Heisenbug

Last updated

In computer programming jargon, a heisenbug is a software bug that seems to disappear or alter its behavior when one attempts to study it. [1] The term is a pun on the name of Werner Heisenberg, the physicist who first asserted the observer effect of quantum mechanics, which states that the act of observing a system inevitably alters its state. In electronics, the traditional term is probe effect, where attaching a test probe to a device changes its behavior.

Contents

Similar terms, such as bohrbug, mandelbug, [2] [3] [4] hindenbug, and schrödinbug [5] [6] (see the section on related terms) have been occasionally proposed for other kinds of unusual software bugs, sometimes in jest. [7] [8]

Examples

Heisenbugs occur because common attempts to debug a program, such as inserting output statements or running it with a debugger, usually have the side-effect of altering the behavior of the program in subtle ways, such as changing the memory addresses of variables and the timing of its execution.

One common example of a heisenbug is a bug that appears when the program is compiled with an optimizing compiler, but not when the same program is compiled without optimization (as is often done for the purpose of examining it with a debugger). While debugging, values that an optimized program would normally keep in registers are often pushed to main memory. This may affect, for instance, the result of floating-point comparisons, since the value in memory may have smaller range and accuracy than the value in the register[ citation needed ]. Similarly, heisenbugs may be caused by side-effects in test expressions used in runtime assertions in languages such as C and C++, where the test expression is not evaluated when assertions are turned off in production code using the NDEBUG macro.

Other common causes of heisenbugs are using the value of a non-initialized variable (which may change its address or initial value during debugging), or following an invalid pointer (which may point to a different place when debugging). Debuggers also commonly allow the use of breakpoints or provide other user interfaces that cause additional source code (such as property accessors) to be executed stealthily, which can, in turn, change the state of the program. [9]

End-Users can experience a heisenbug when the act of making a screenshot of the heisenbug for observation fixes the heisenbug and the screenshot shows a perfectly working state. This effect can happen when complex stacks of software work together, for example a web browser using a hardware graphic card acceleration which causes rendering errors on the physical screen that do not show on a screenshot.

Time can also be a factor in heisenbugs, particularly with multi-threaded applications. Executing a program under control of a debugger can change the execution timing of the program as compared to normal execution. Time-sensitive bugs, such as race conditions, may not occur when the program is slowed down by single-stepping source lines in the debugger. This is particularly true when the behavior involves interaction with an entity not under the control of a debugger, such as when debugging network packet processing between two machines and only one is under debugger control.

Heisenbugs can be viewed as instances of the observer effect in information technology. Frustrated programmers may humorously blame a heisenbug on the phase of the moon, [10] or (if it has occurred only once) may explain it away as a soft error due to alpha particles or cosmic rays affecting the hardware, a well-documented phenomenon known as single event effects.

A bohrbug, by way of contrast, is a "good, solid bug". Like the deterministic Bohr atom model, they do not change their behavior and are relatively easily detected. [11] [12]

A mandelbug (named after Benoît Mandelbrot's fractal) is a bug whose causes are so complex it defies repair, or makes its behavior appear chaotic or even non-deterministic. [2] The term also refers to a bug that exhibits fractal behavior (that is, self-similarity) by revealing more bugs (the deeper a developer goes into the code to fix it the more bugs they find).[ citation needed ]

A schrödinbug or schroedinbug (named after Erwin Schrödinger and his thought experiment) is a bug that manifests itself in running software after a programmer notices that the code should never have worked in the first place. [5]

A hindenbug [13] (named after the Hindenburg disaster) is a bug with catastrophic behavior.

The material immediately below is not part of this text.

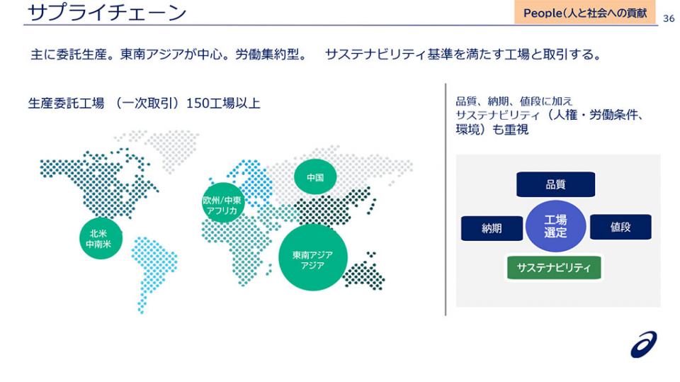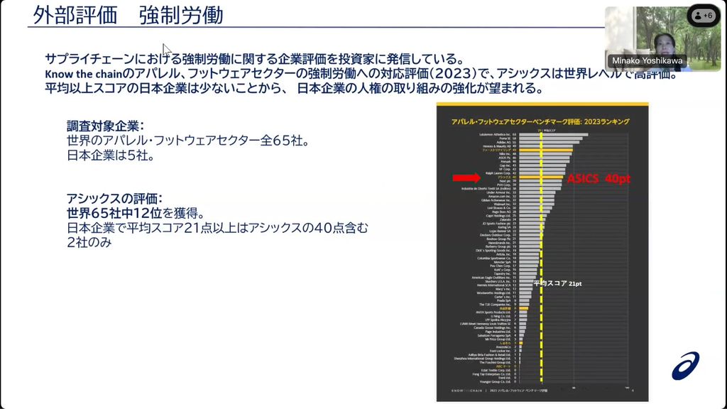 2013年約10年前にバングラデシュで、縫製工場が入るビルが崩壊し、働いていた1,000人以上が亡くなる事故がありました。アシックスもシューズとアパレルの委託生産工場は、東南アジアが中心ですが、生産工場で働く人々の人権尊重を高い優先順位で順守しています。それを物語るのが外部評価です。例えばアシックスは、「強制労働」に特化した「Know the chain」という評価で、世界の平均以上の評価を獲得しています。

A higgs-bugson [14] [15] (named after the Higgs boson particle) is a bug that is predicted to exist based upon other observed conditions (most commonly, vaguely related log entries and anecdotal user reports) but is difficult, if not impossible, to artificially reproduce in a development or test environment. The term may also refer to a bug that is obvious in the code (mathematically proven), but which cannot be seen in execution (yet difficult or impossible to actually find in existence).

Etymology

The term was used in 1985 by Jim Gray, in a paper about software failures [16] (and is sometimes mistakenly attributed to him because of this publication) and also in 1986 by Jonathan Clark and Zhahai Stewart on the mailing list (later Usenet news group) comp.risks. [17]

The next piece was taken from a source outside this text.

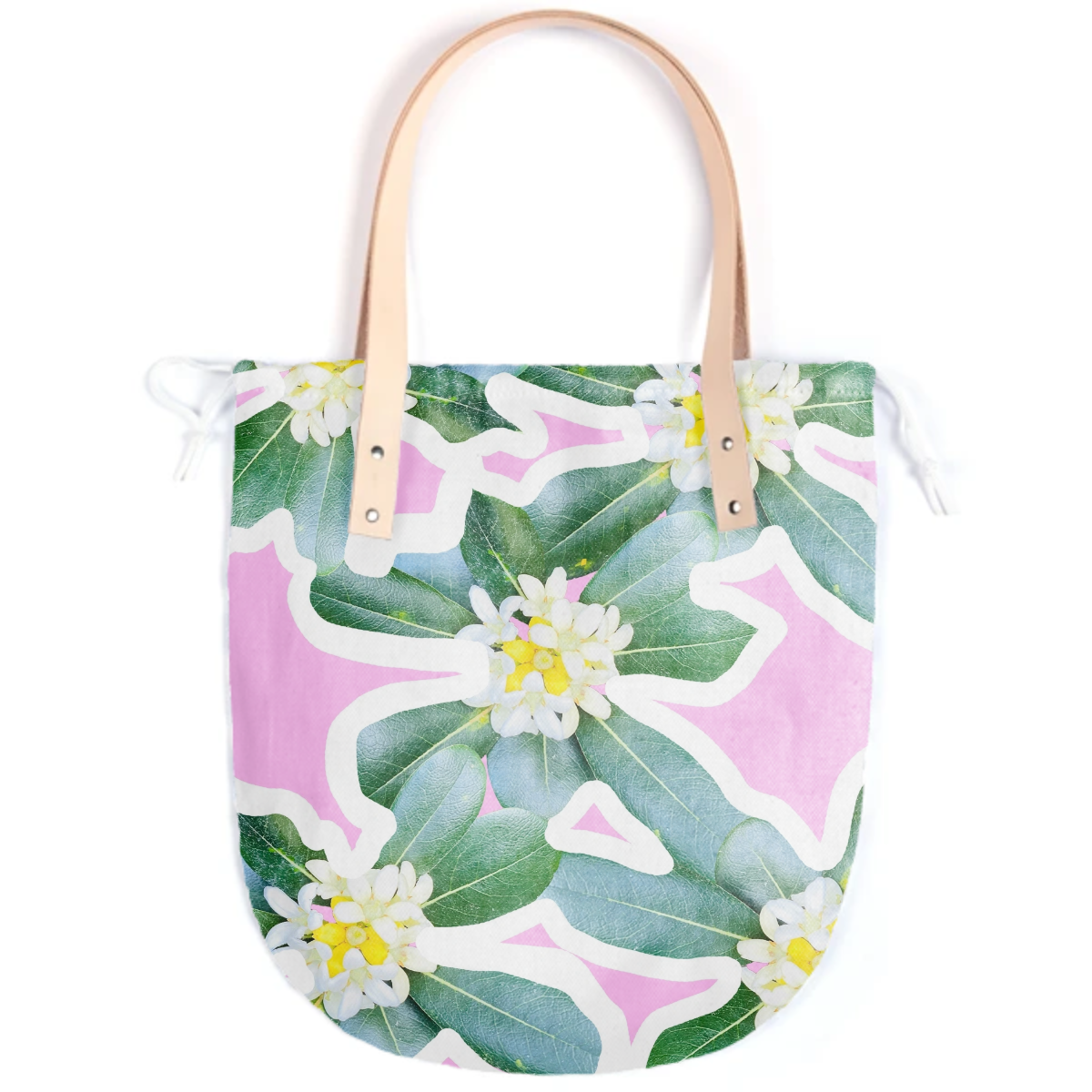 The Summer tote features a round bottom shape small inside patch pocket and tan or black leather handles.

Bruce Lindsay, a researcher at IBM, affirmed in a 2004 ACM Queue interview that he was present when the Heisenbug was originally defined. [18]

An earlier appearance in ACM publications is from 1983. [19]

Resolution

Heisenbugs are difficult to identify and fix; often attempting to resolve them leads to further unexpected behavior. Because the problem manifests as the result of a separate, underpinning bug, the behavior can be hard to predict and analyze during debugging. Overall the number of heisenbugs identified should decrease as a piece of software matures. [20]

See also

Related Research Articles

Computer programming or coding is the composition of sequences of instructions, called programs, that computers can follow to perform tasks. It involves designing and implementing algorithms, step-by-step specifications of procedures, by writing code in one or more programming languages. Programmers typically use high-level programming languages that are more easily intelligible to humans than machine code, which is directly executed by the central processing unit. Proficient programming usually requires expertise in several different subjects, including knowledge of the application domain, details of programming languages and generic code libraries, specialized algorithms, and formal logic.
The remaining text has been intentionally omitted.